The second option still gives you a step, but using the -x option to NTPD will slew this step, giving a gradual correction to the 1 second difference.
That is incorrect. -x is often misunderstood -- it does not disable stepping entirely, it raises the "step threshold" from 0.128s default to 600s. When ntpd synchronizes the clock and determines the offset exceeds the step threshold, the clock is stepped to the correct time. So long as you manage to keep your clock within 10 minutes of correct, -x isn't terribly different from disabling steps, but that's not what it does. In particular, when ntpd using the daemon loop implements a leap second by stepping the clock backward one second, the step threshold (and hence -x) are not a decision factor -- the step is taken. Cheers, Dave Hart
On Tue, Jul 3, 2012 at 11:59 PM, Majdi S. Abbas <msa@latt.net> wrote:
On Tue, Jul 03, 2012 at 11:33:35PM -0400, Tyler Haske wrote:
4 years. These things are supposed to be synced to a NTP source anyway.
Easiest solution is just remove leap second functionality from mainline code, and make it something you have to special-compile for.
Please reconcile these two statements.
Thanks,
--msa
Someone running an NTP Server connected to a cesium clock could run the leap-second time code. Since its *their job* to have the correct time, they can do all the fancy rarely used things that make parts of the Internet die every couple of years.

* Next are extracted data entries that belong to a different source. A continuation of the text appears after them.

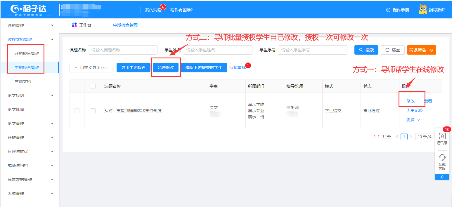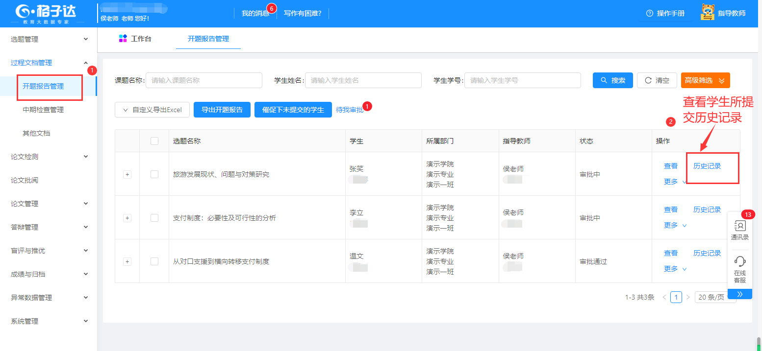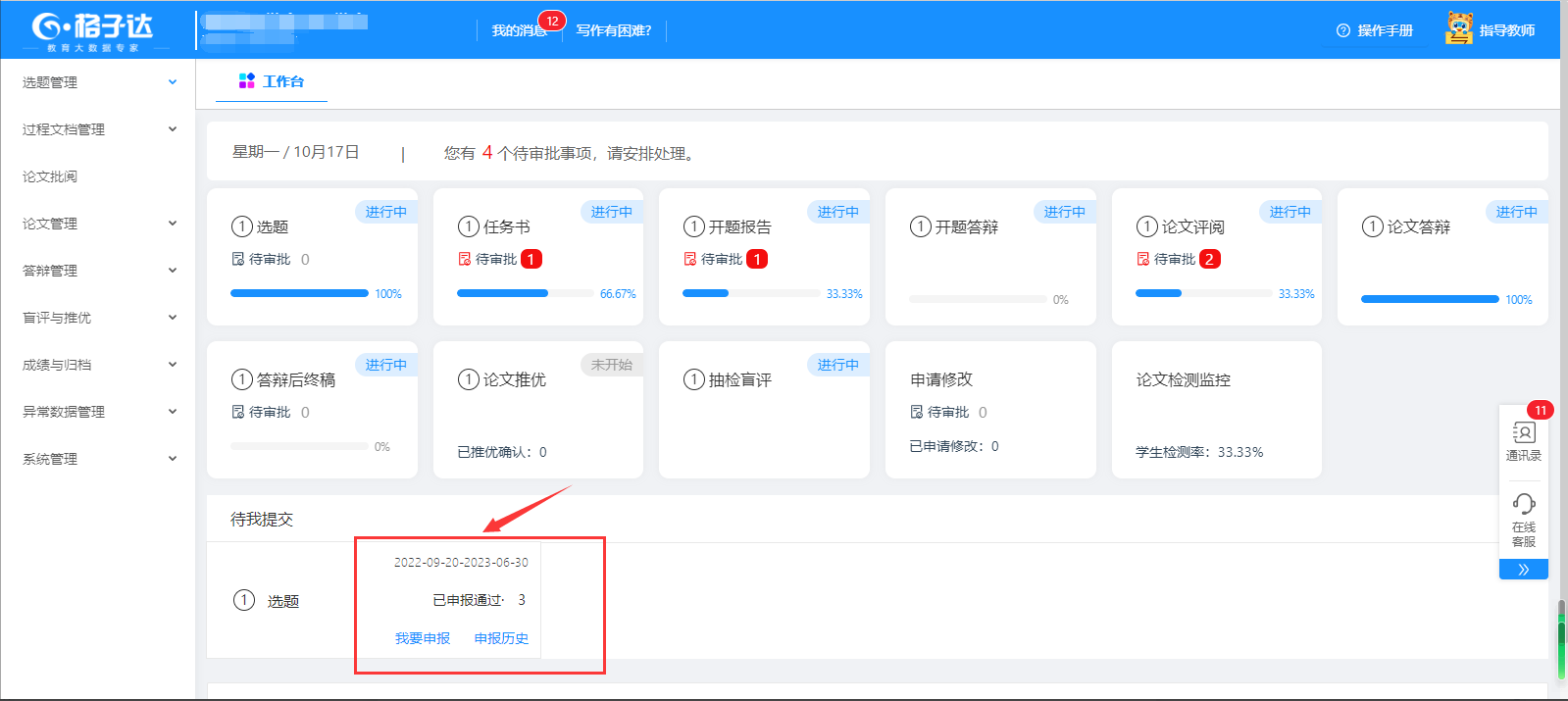 导师进入工作台,查看与审批学生提交的课题、开题报告、论文等。
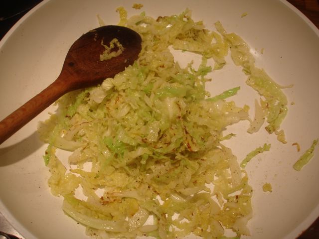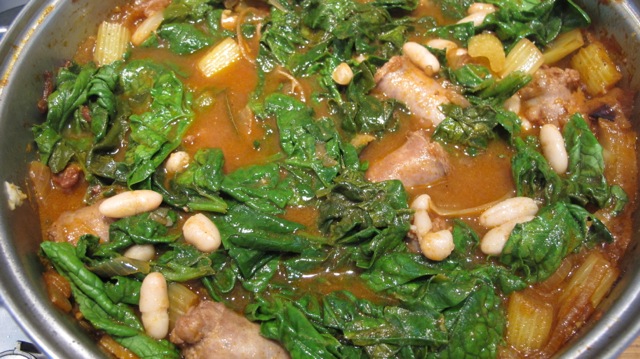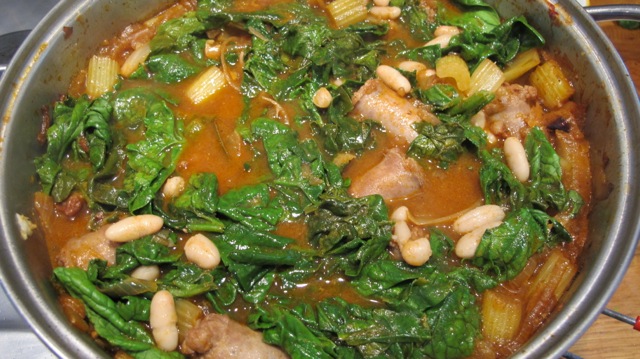 - Spread the greens over the top of the dish and leave them for ten minutes to start dissolving into it. (Cover the pan if you feel the need).
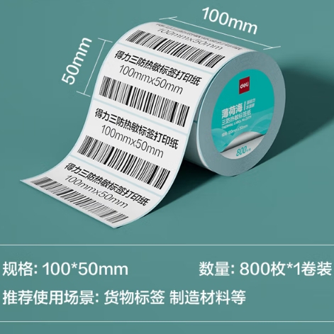 商品名称:得力(deli)热敏标签纸 100*50mm 800张*1卷 商品编号:230707 品牌:得力 上架时间:2025-12-02 商品毛重:0克
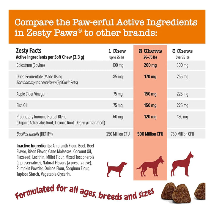 ¿Tu perro sufre de picazón constante, alergias estacionales o problemas digestivos? No dejes que las molestias afecten su felicidad. Nuestros Suplementos Masticables Zesty Paws están diseñados para brindar alivio rápido y efectivo, con ingredientes naturales que fortalecen su sistema inmunológico y mejoran su salud desde adentro hacia afuera.
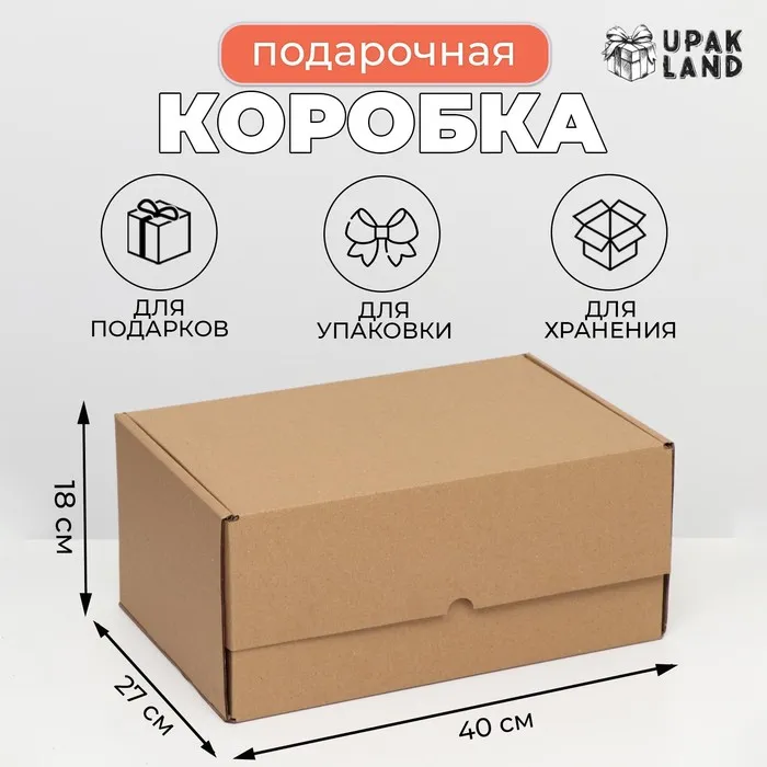 Коробка самосборная «Почтовая», бурая, 40×27×18 см — Характеристики
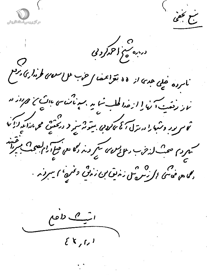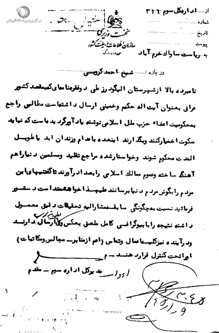 نامبرده بالا]شیخ احمد کروبی[ از شهرستان الیگودرز طی دو فقره نامهای که به مقصد کشور عراق به عنوان آیتاله حکیم و خمینی ارسال داشته است مطالبی راجع به محکومیت اعضاء حزب ملل اسلامی نوشته یادآور گردیده است که نباید سکوت اختیار کنند بگذارند این عده به اعدام و زندان ابد یا طویل المدت محکوم شوند و خواستار شده مراجع تقلید و مسلمین دنیا را هم آهنگ ساخته و عموم ممالک اسلامی را به صدا درآورند تا گفتنیهای این مردم را به گوش مردم دنیا برسانند...»[30]
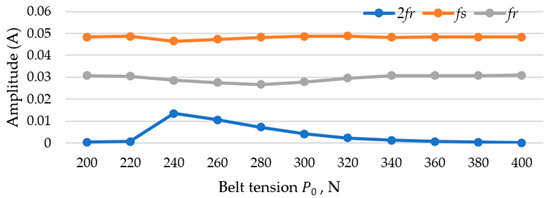 To monitor the condition of the machining system using the modulation sideband, it is necessary to ensure that the tension is within the appropriate range. As shown in Figure 13, the amplitude of 2 is extracted when is linearly adjusted and the driving pulley speed is constant. On increasing the tension force, the amplitude of the transverse vibrations is decreased; however, the frequency of the vibrations remains unaltered. Similarly, low tension results in a low 2 sideband amplitude, as power cannot be transferred to the belt drive because of the low tension. Additionally, the amplitude at did not change when the tension was increased to a certain extent, indicating that the belt was not tensioned appropriately.
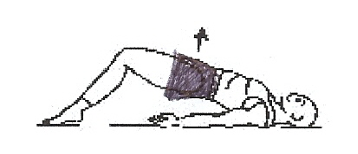- inspirare, effettuare la retroversione del bacino e sollevare il bacino contraendo i muscoli addominali e glutei;
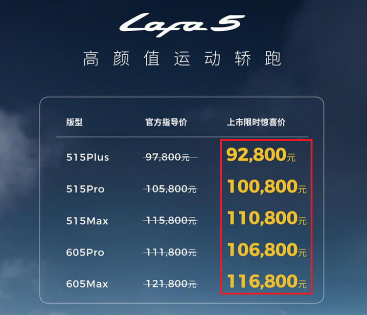 先来看看消费者最关心的价格,我作为零跑T03车主,本来就觉得零跑性价比够能打,没想到这次零跑Lafa5更狠 指导价9.78万起,现在还有限时优惠,9.28万就能拿下!这个价格买台纯电两厢紧凑型车,真的把预算有限的年轻家庭拿捏得死死的。
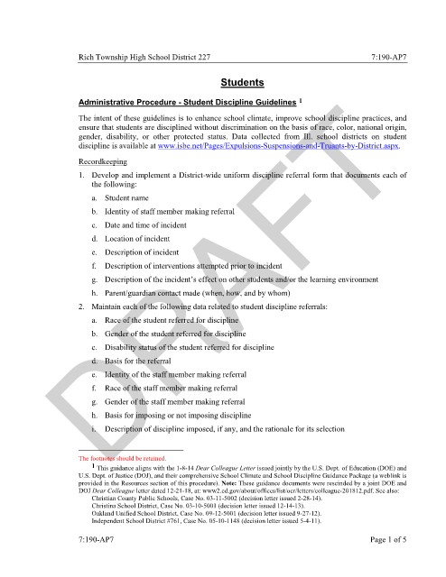 Rich Township High School District 227 7:190-AP7
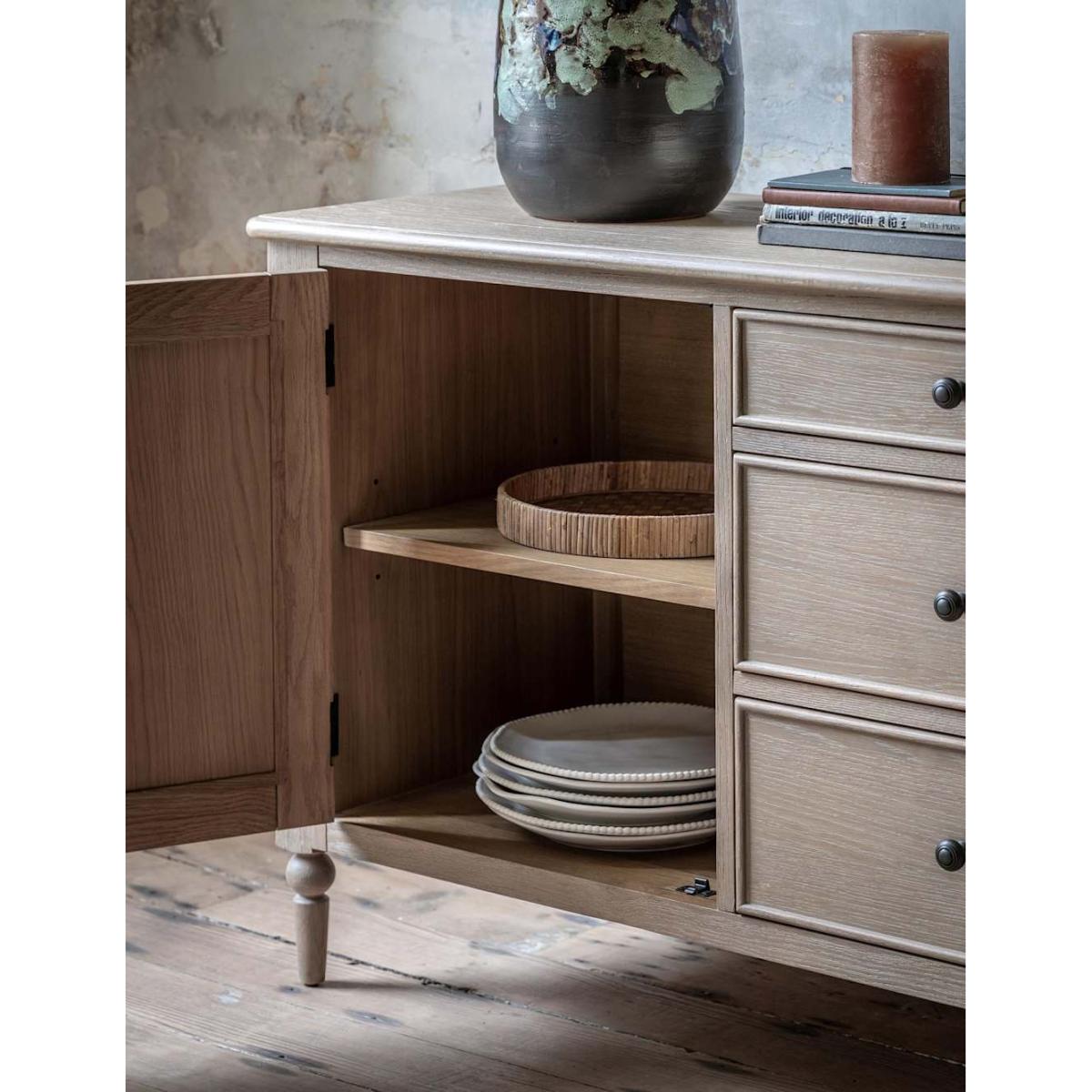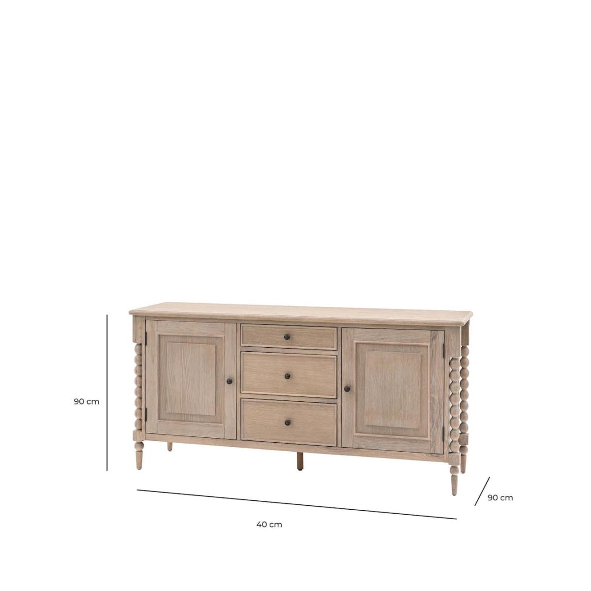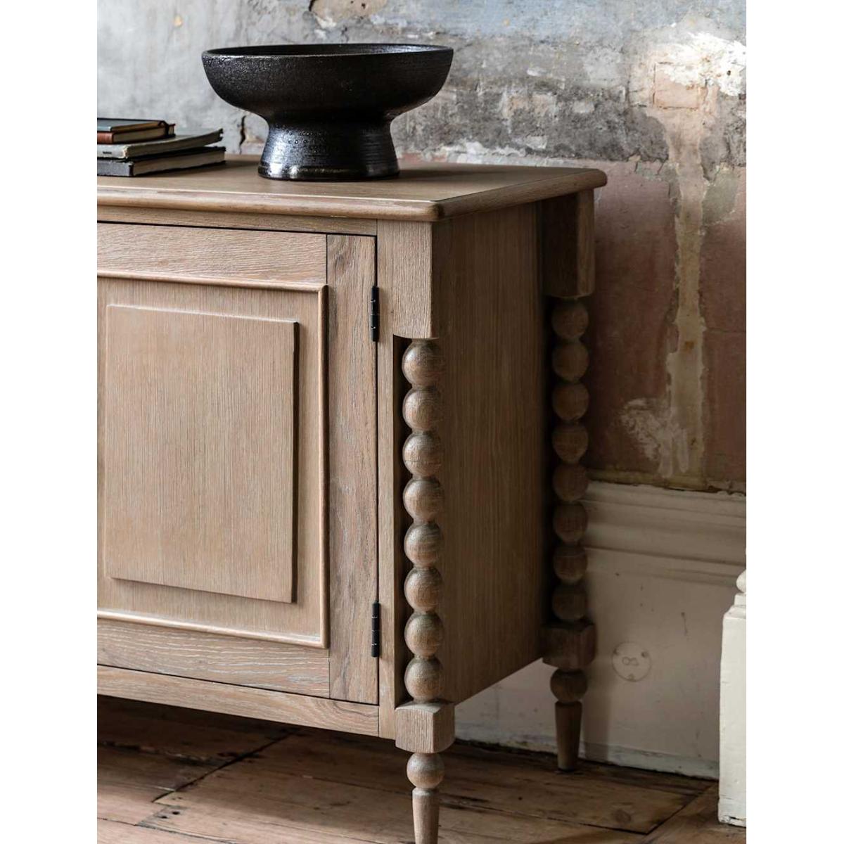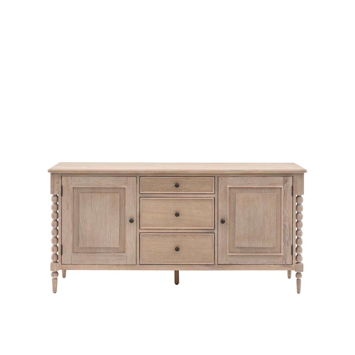 It's all in the stylish details with this Artisan sideboard from Gallery Direct. It's crafted from lime-washed solid oak and oak veneers for a soft tone, with three central drawers and two spacious side doors providing practical storage. The hand-turned bobbin corners immediately stand out.
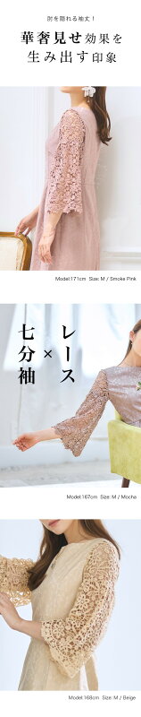 [半額SALE]パーティードレス 結婚式 ワンピース ミモレ丈 七分袖 大きいサイズ 体型カバー パーティー お呼ばれ ドレス ミモレ 膝下 レース シンプル きれいめ フォーマル ダマスク ママ 母 夏 秋冬 大人 可愛い cy88218
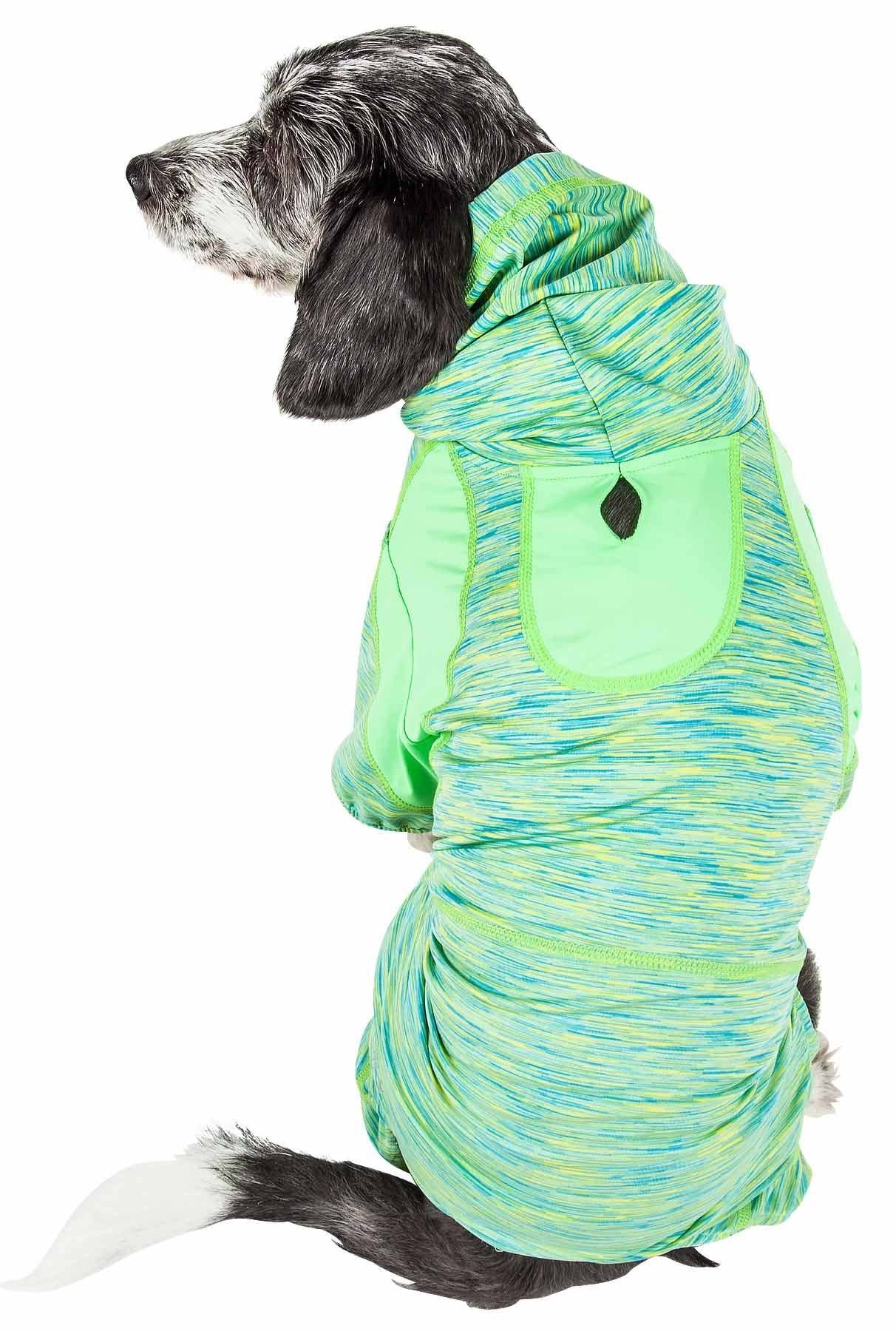 Home Pets Pet Supplies Pet Fashions Pet Life Active ‘Downward Dog’ Heathered Performance 4-Way Stretch Two-Toned Full Body Warm Up Hoodie
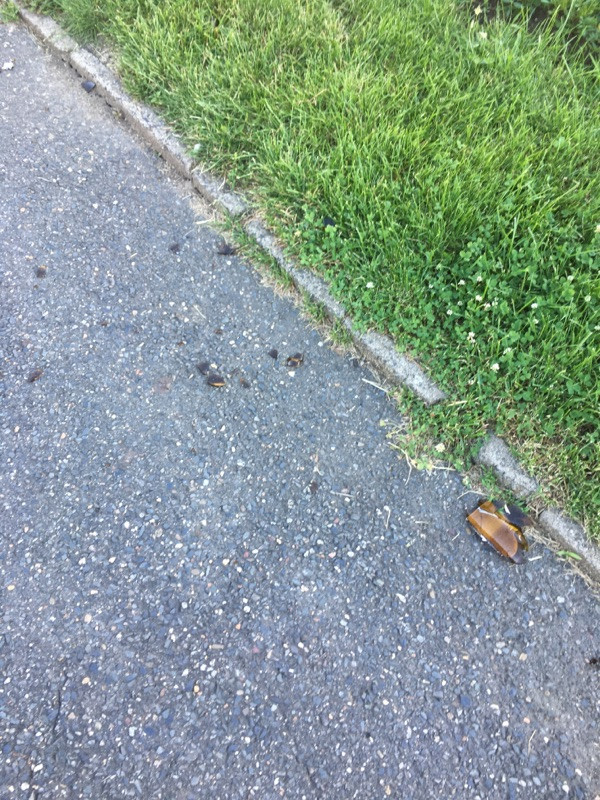 Střepy na cestičce leží už 2. den bez povšimnutí, nikdo tu neuklízí. Prosím tedy vás.

A "cesium clock" don't knew it should do leap seconds unless you tell it, and it only affects the display and the internal time of the clock.. -:) The S1 NTP server and it's host OS has to be told to set the leap-second indicator by hand to.. But all the system on the internet has to knew what to do with this information. In the case of a host_os that do not knew about leap-seconds, NTP will have the correct time and then try to stear the host as fast as it can to loose/gain a second.. -P
On (2012-07-03 01:54 -0700), Wolfgang S. Rupprecht wrote:
kernel time, why do we do it with leapseconds? We should really move the leapseconds correction into the display routines like DST and
Yes. TAI time natively and presentation uses leap lookup tables to convert to UTC. Unixtime is not monotonously increasing which is incredibly broken by design. http://en.wikipedia.org/wiki/Unixtime#TAI-based_variant http://cr.yp.to/libtai.html -- ++ytti
On Jul 3, 2012, at 7:39 AM, Saku Ytti wrote:
On (2012-07-03 10:33 -0400), valdis.kletnieks@vt.edu wrote:
On the other hand, how many subtle bugs will we introduce when we break code that currently assumes the system clock is UTC, not TAI?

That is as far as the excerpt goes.